Sequence analysis for the detection of TF binding motifs was done with MATCH [11] and CisGenome (http://www.biostat.jhsph.edu/~hji/cisgenome/). Additionally, identification of enriched motifs within ChIP-chip detected regions was done with CEAS [43] and the Genomatix RegionMiner (http://www.genomatix.de/index.html).

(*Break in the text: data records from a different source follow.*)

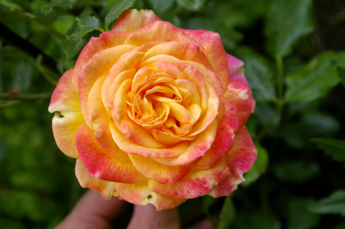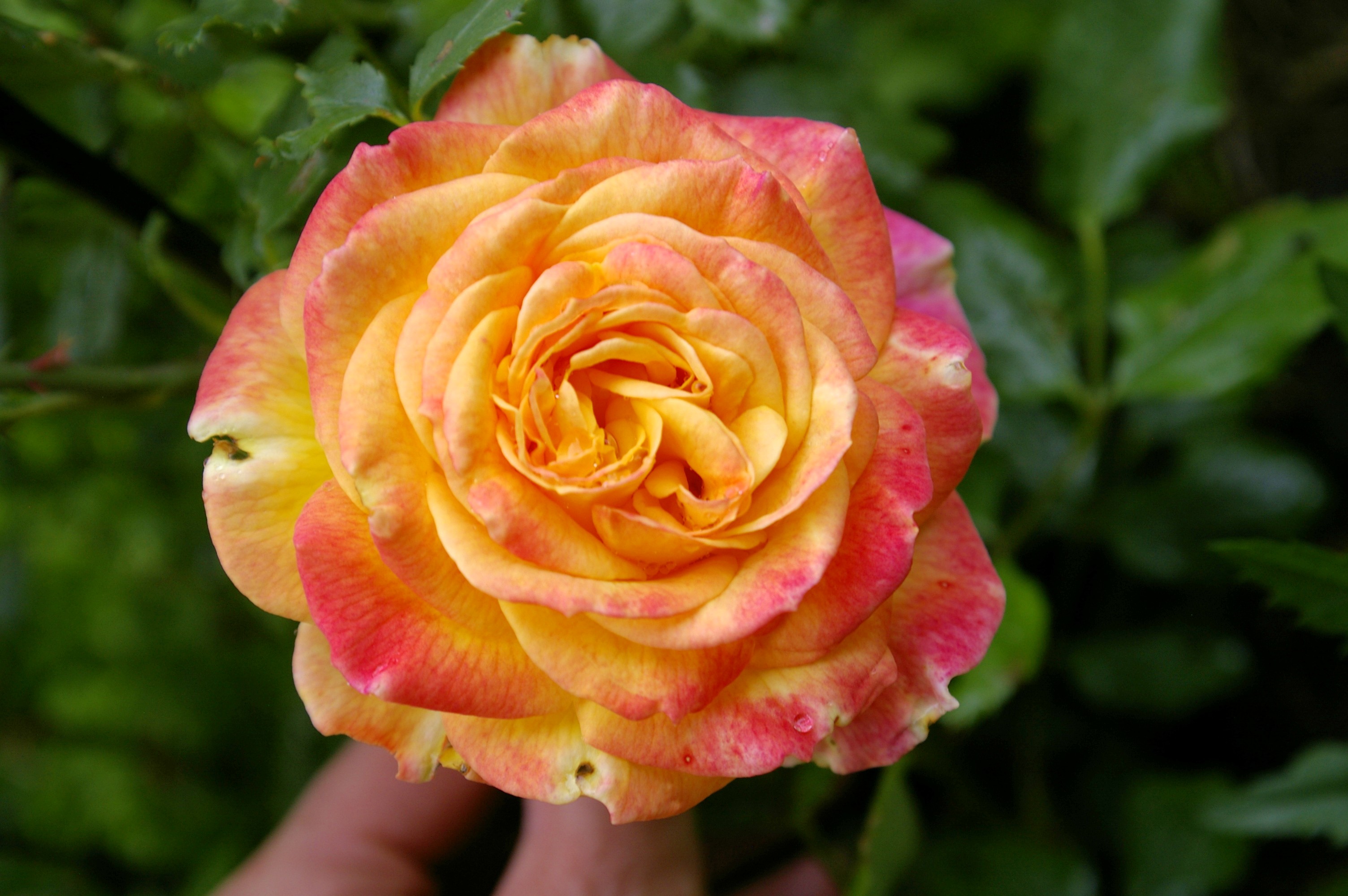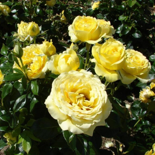 Роза Метеор флорибунда, Топалович - цветки огненно-оранжево-красные, яркие, хорошие формы, средние (6—7 см), махровые (42 лепестков), слабо душистые, в соцветиях (до 10). Кусты низкие, компактные. Листья кожистые. Цветение обильное.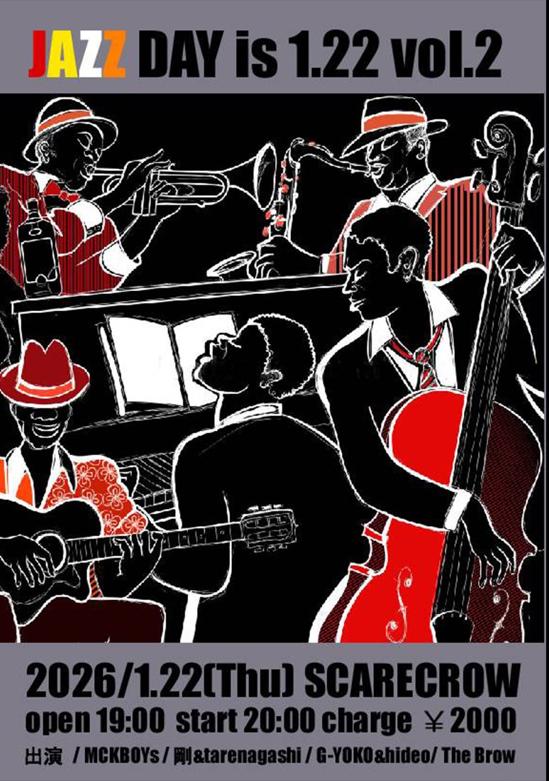 ★JAZZ DAY is 1.22 vol.2・開場:19時/開演:20時・出演=MCKBOYS 、剛&tarenagashi、G-YOKO & hideo、The Brow・会場=石垣市・JAZZ すけあくろ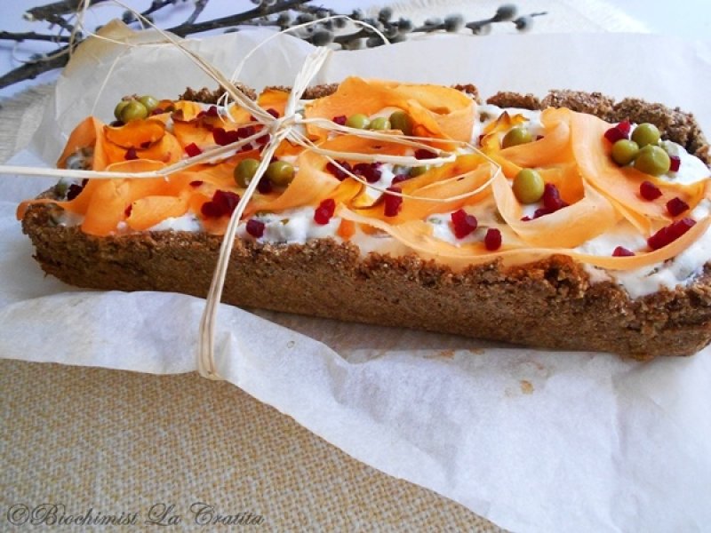 6. Morcovul curatat il feliem cu ajutorul unui curatator de legume, sfecla o taiem felii apoi decupam cerculete mici cu ajutorul unui pai de suc. Le punem deasupra tartei dupa ce o scoatem din cuptor.

Correlation of HNF4α binding sites to RefSeq annotated genes and Gene Ontology categorization

The distribution of binding sites relative to TSS was analyzed, and a list of all RefSeq genes and their TSS was obtained from http://genome.ucsc.edu/. The closest TSS to each ES center was calculated in the application Microsoft Excel.

Enrichment of binding sites in introns was determined in RefSeq genes and their intron/exon structure was obtained from http://genome.ucsc.edu/. The number of ChIP regions and of regions from the random control set which overlap introns was determined using the intersect function of the Galaxy tool (http://g2.trac.bx.psu.edu/).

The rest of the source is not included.